◆ **Your assignment**
Copy the data below exactly, omitting any picture it contains.

———

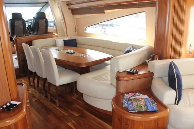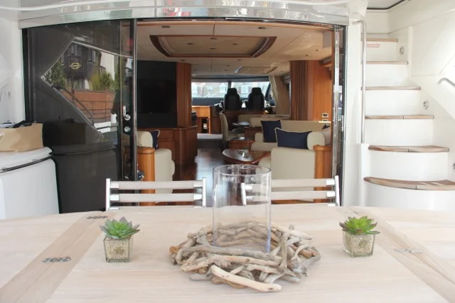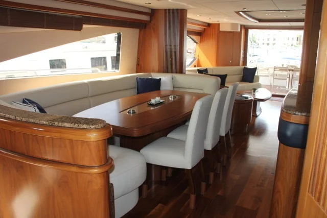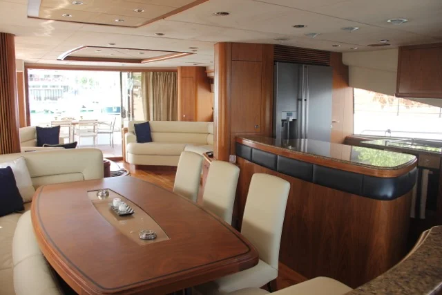 Maroma IV boasts a lovely warm interior with style and casual elegance. Rich American walnut wood panels and fine furnishings provide a welcoming ambiance. The salon features wood floors, 2 large V shaped leather sofas, a coffee table and panoramic windows for ample natural light. Forward in a semi open plan, the formal dining table sits adjacent to the galley, where guests can watch the chef create masterpiece meals.
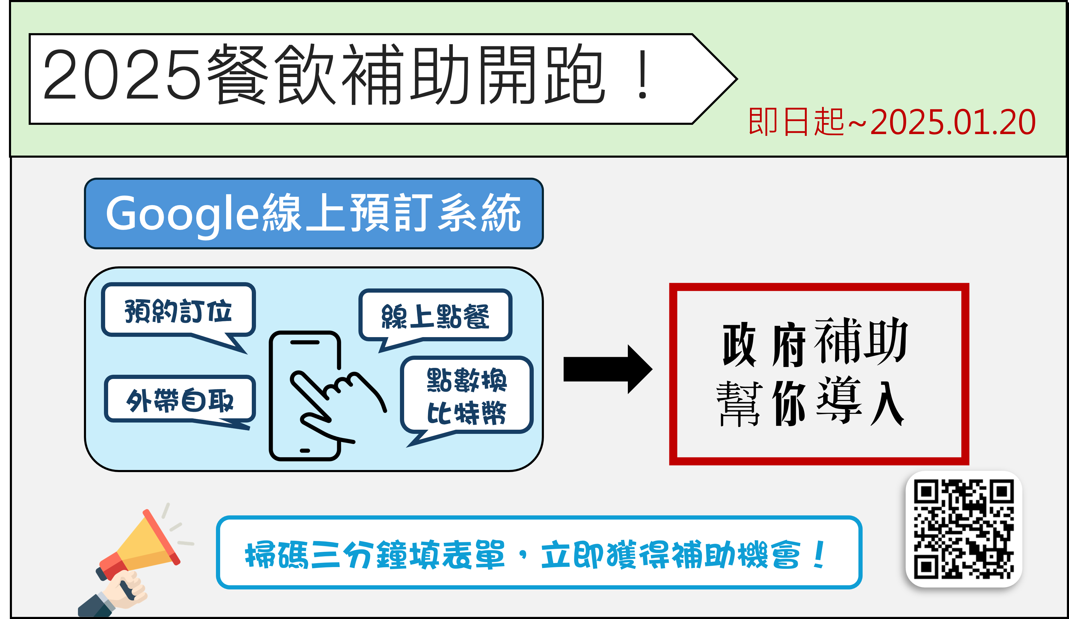產業數位化是國際趨勢,未來政府勢必會持續推動,將會公布更多產業轉型專案補助,現在參與店家募集活動,將可配合政府進行餐飲店家無痛轉型。
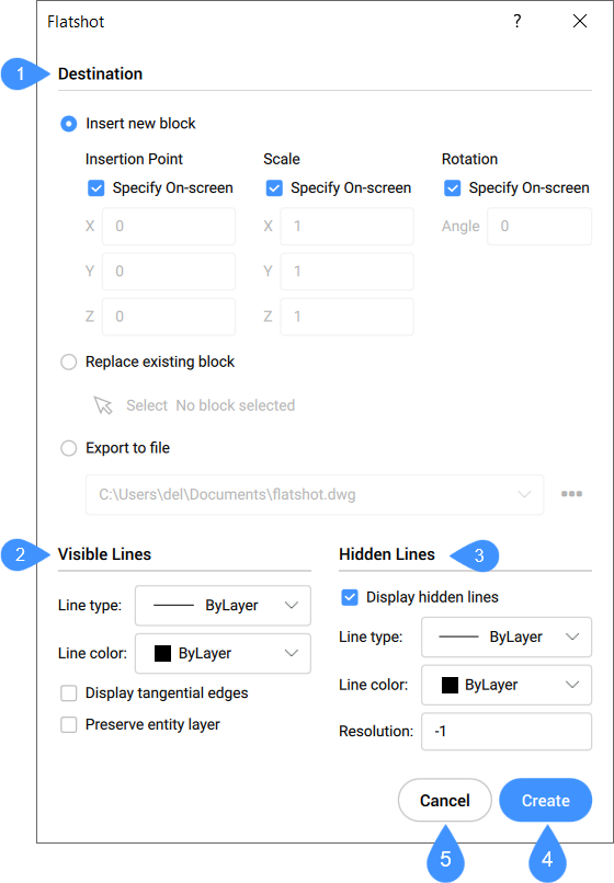 Okno dialogowe Rzut Płaski umożliwia tworzenie spłaszczonej, ukrytej liniowej reprezentacji brył 3D i powierzchni 3D jako bloku lub nowego rysunku.
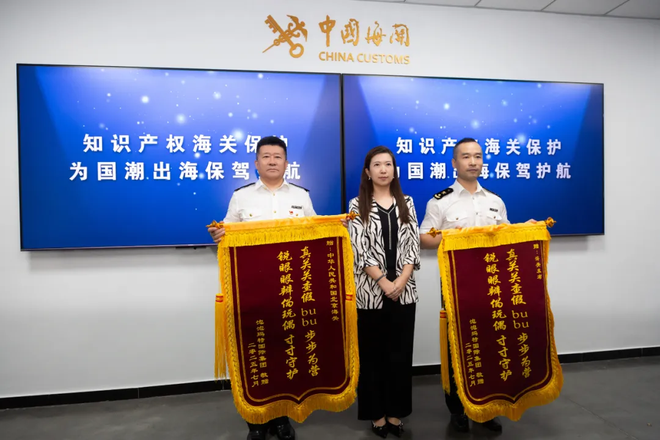 7月25日,北京海关与泡泡玛特国际集团联合举办“知识产权海关保护为国潮出海保驾护航”主题活动。泡泡玛特现场向“海关发布”公众号与北京海关赠送锦旗,以感谢其在打击假冒Labubu产品方面的高效作为。
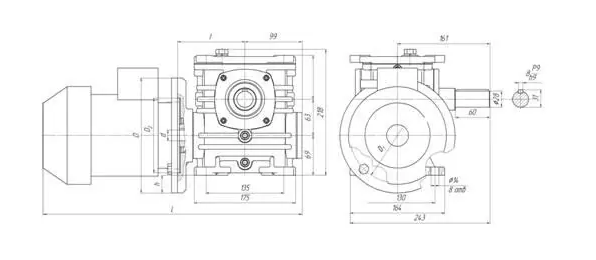 • 3. двигатель горизонтальный, тихоходный вал вертикальный, справа от двигателя;
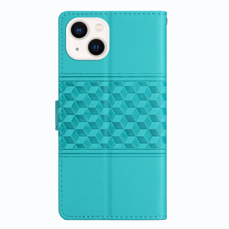 Caja de teléfono para iPhone 13 Mini cuero con sensación de piel en relieve con cordón (Azul)
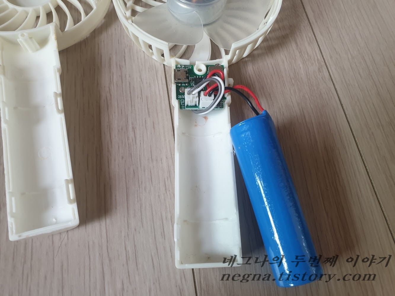 사용하지 않는 휴대용 선풍기에서 배터리 추출. 수리 시도 단선 때문에 날려 먹은 선풍기. 😣 교체할 배터리가 필요합니다. 사용하지 않는 휴대용 선풍기에서 배터리를 꺼냈습니다. 이걸 교체하면 될 거 같은데. 커넥터가 필요한 때가 있더라고요. 잘라서 챙겨 놓았습니다. 18650 배터리. 이거면 되겠지. 결과는 아쉽게도. 하아! 다른 걸 찾아봐야겠네요. 핀 규격이 또 다를 수가 있구나... 😞 중얼거림 2025.09.07
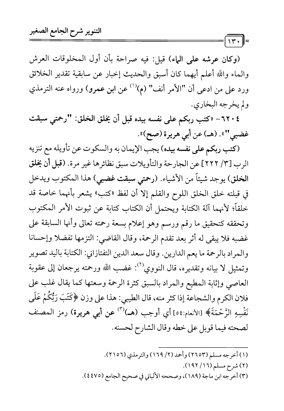 (كتب ربكم على نفسه بيده) يجب الإيمان به والسكوت عن تأويله مع تنزيه الرب [3/ 222] عن الجارحة والتأويلات سبق نظائرها غير مرة. (قبل أن يخلق الخلق) يوجد شيئاً من الأشياء. (رحمتي سبقت غضبي) هذا المكتوب ويدخل في قبلته خلق الخلق اللوح والقلم إلا أن لفظ "كتب" يشعر بأنهما خاصة قد خلقاً؛ لأنهما آلة الكتابة ويحتمل أن الكتاب كتابة عن ثبوت الأمر المكتوب وتحققه كتحقيق ما رقم ورسم وهو إعلام بسعة رحمته تعالى وأنها السابقة على غضبه فلا يبقى له أثر بعد تقدم الرحمة، وقال القاضي: التزمها تفضلا وإحسانا والمراد بالرحمة ما يعم الدارين. وقال سعد الدين التفتازاني: الكتابة باليد تصوير وتمثيل لا بيانه وتقديره، قال النووي (¬2): غضب الله ورحمته يرجعان إلى عقوبة العاصي وإثابة المطيع والمراد بالسبق كثرة الرحمة وسعتها كما يقال غلب على فلان الكرم والشجاعة إذا كثر منه، قال الطيبي: هذا على وزن {كَتَبَ رَبُّكُمْ عَلَى نَفْسِهِ الرَّحْمَةَ} [الأنعام: 54] أي أوجب (هـ) (¬3) عن أبي هريرة) رمز المصنف لصحته فيما قوبل على خطه وقال الشارح لحسنه.
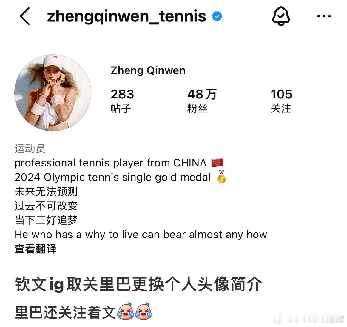 郑钦文取关里巴教练 热搜了,具体情况等待当事人说法了

———

◆ **Written answer**
 Maroma IV boasts a lovely warm interior with style and casual elegance. Rich American walnut wood panels and fine furnishings provide a welcoming ambiance. The salon features wood floors, 2 large V shaped leather sofas, a coffee table and panoramic windows for ample natural light. Forward in a semi open plan, the formal dining table sits adjacent to the galley, where guests can watch the chef create masterpiece meals.
產業數位化是國際趨勢,未來政府勢必會持續推動,將會公布更多產業轉型專案補助,現在參與店家募集活動,將可配合政府進行餐飲店家無痛轉型。
 Okno dialogowe Rzut Płaski umożliwia tworzenie spłaszczonej, ukrytej liniowej reprezentacji brył 3D i powierzchni 3D jako bloku lub nowego rysunku.
 7月25日,北京海关与泡泡玛特国际集团联合举办“知识产权海关保护为国潮出海保驾护航”主题活动。泡泡玛特现场向“海关发布”公众号与北京海关赠送锦旗,以感谢其在打击假冒Labubu产品方面的高效作为。
 • 3. двигатель горизонтальный, тихоходный вал вертикальный, справа от двигателя;
 Caja de teléfono para iPhone 13 Mini cuero con sensación de piel en relieve con cordón (Azul)
 사용하지 않는 휴대용 선풍기에서 배터리 추출. 수리 시도 단선 때문에 날려 먹은 선풍기. 😣 교체할 배터리가 필요합니다. 사용하지 않는 휴대용 선풍기에서 배터리를 꺼냈습니다. 이걸 교체하면 될 거 같은데. 커넥터가 필요한 때가 있더라고요. 잘라서 챙겨 놓았습니다. 18650 배터리. 이거면 되겠지. 결과는 아쉽게도. 하아! 다른 걸 찾아봐야겠네요. 핀 규격이 또 다를 수가 있구나... 😞 중얼거림 2025.09.07
 (كتب ربكم على نفسه بيده) يجب الإيمان به والسكوت عن تأويله مع تنزيه الرب [3/ 222] عن الجارحة والتأويلات سبق نظائرها غير مرة. (قبل أن يخلق الخلق) يوجد شيئاً من الأشياء. (رحمتي سبقت غضبي) هذا المكتوب ويدخل في قبلته خلق الخلق اللوح والقلم إلا أن لفظ "كتب" يشعر بأنهما خاصة قد خلقاً؛ لأنهما آلة الكتابة ويحتمل أن الكتاب كتابة عن ثبوت الأمر المكتوب وتحققه كتحقيق ما رقم ورسم وهو إعلام بسعة رحمته تعالى وأنها السابقة على غضبه فلا يبقى له أثر بعد تقدم الرحمة، وقال القاضي: التزمها تفضلا وإحسانا والمراد بالرحمة ما يعم الدارين. وقال سعد الدين التفتازاني: الكتابة باليد تصوير وتمثيل لا بيانه وتقديره، قال النووي (¬2): غضب الله ورحمته يرجعان إلى عقوبة العاصي وإثابة المطيع والمراد بالسبق كثرة الرحمة وسعتها كما يقال غلب على فلان الكرم والشجاعة إذا كثر منه، قال الطيبي: هذا على وزن {كَتَبَ رَبُّكُمْ عَلَى نَفْسِهِ الرَّحْمَةَ} [الأنعام: 54] أي أوجب (هـ) (¬3) عن أبي هريرة) رمز المصنف لصحته فيما قوبل على خطه وقال الشارح لحسنه.
 郑钦文取关里巴教练 热搜了,具体情况等待当事人说法了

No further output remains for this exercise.